帝子的幻影走开几步,朝着那一圈灯火拍拍手。无数个小灯座便收起了,当中的油汇聚到炉顶上悬挂着的莲花灯座处,灯芯捻成一稔,明火高亮。它向四壁照,即显示出这空间中所有墙壁上的画来,个个如水墨所绘,当中人物,正是我。

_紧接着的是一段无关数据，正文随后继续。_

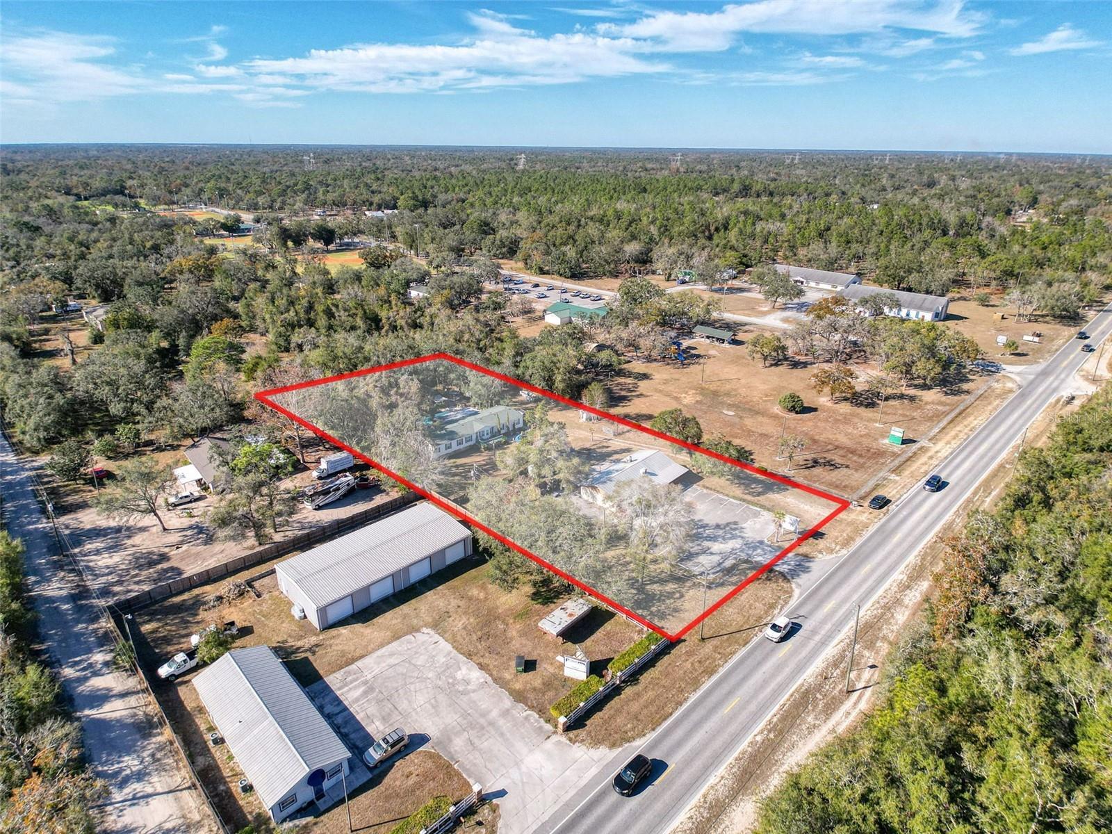 Discover this unique Shady Hills property that seamlessly blends business potential with comfortable living. Featuring a 2000 square foot commercial space perfect for restaurant, bar, pizzeria or bakery/cafe. This property also offers a private 2000 square foot mobile home oasis tucked away in the back complete with a sparkling pool and serene surroundings. Property highlights for the restaurant: Metal roof, front and side porches to enhance curb appeal and lots of outdoor seating, signage, prime location close to schools, 3 miles away from the new 55+ resort, conveniently located next to Elsie park and 2 miles from another upcoming community and a large parking lot to top it all off. Property highlights to the residence: 2001 Mobile, completely tiled, 4 year old roof, 4 year old HVAC system, spacious master bedroom with a space for walk in closet or home office, wood burning fireplace, modern kitchen with new refrigerator, stove and lots of cabinets, indoor laundry with cabinets, game room overlooking the family room, 3 additional bedrooms with walk in closets. Outdoor Amenities include: Fully fenced, 24x18 storage shed, stunning 17x32 fiberglass pool with a waterfall and salt water system and cabana, 2 porches the rear one is screened with extra electric for plenty of lights and fans. This property is truly a cornerstone of the Shady Hills area, offering endless possibilities for entrepreneurs and families alike. If you have dreamed of running a thriving business and retreating at the end of the day into your private retreat this unique property offers it all. Restaurant could be purchased separately.

第一面。这是十三岁的我,穿着初中的校服背着一个宽大的双肩包,很随意地同我大哥杜乡搭着肩膀谈笑,有点儿像一个小痞子。画上很明白地用紫墨圈了八个圆,分别对应着我的八座将军府,即阴脉的节点。画上杜乡确是干净的,他还未明武魂意,而我已开发出全部的将军府?
“你想听我说么?这是你自己的故事,我所知道的本就是你自己知道的——从我嘴里说出来你痛快么?”
我摇摇头,努力回想着十六岁以前的事,也就是我进入一中遇见语思之前的事。借由这些图片的提醒,我才发觉很多事并非因时间而被我淡忘了,那样铭痛的记忆,我选择隐匿。
“十三岁,你就知道了你出身武魂世家,祖父为初代武帝兼协会创始人,父亲乃冠绝国中的一代豪杰。早在十三岁,你就已经在父亲的教练下打通阴脉,提前开启全部的八座将军府了。”
那个人,真的是我么?我走上去,伸手抚摸着画中的彩墨所绘的人物,手落到标识出的将军府所在的位置,就觉得不可思议。画面中的我是没有眼珠的,正与某一个成语所暗合。
“气血为墨,食指作笔。画龙点睛,浮生立绘。”
“我画的不像怎么办。”我笑着伸出右手的食指,放在口中咬了一下,渗出一点儿血来,又引着阴气出来,“反正也是彩墨,随便画画吧。”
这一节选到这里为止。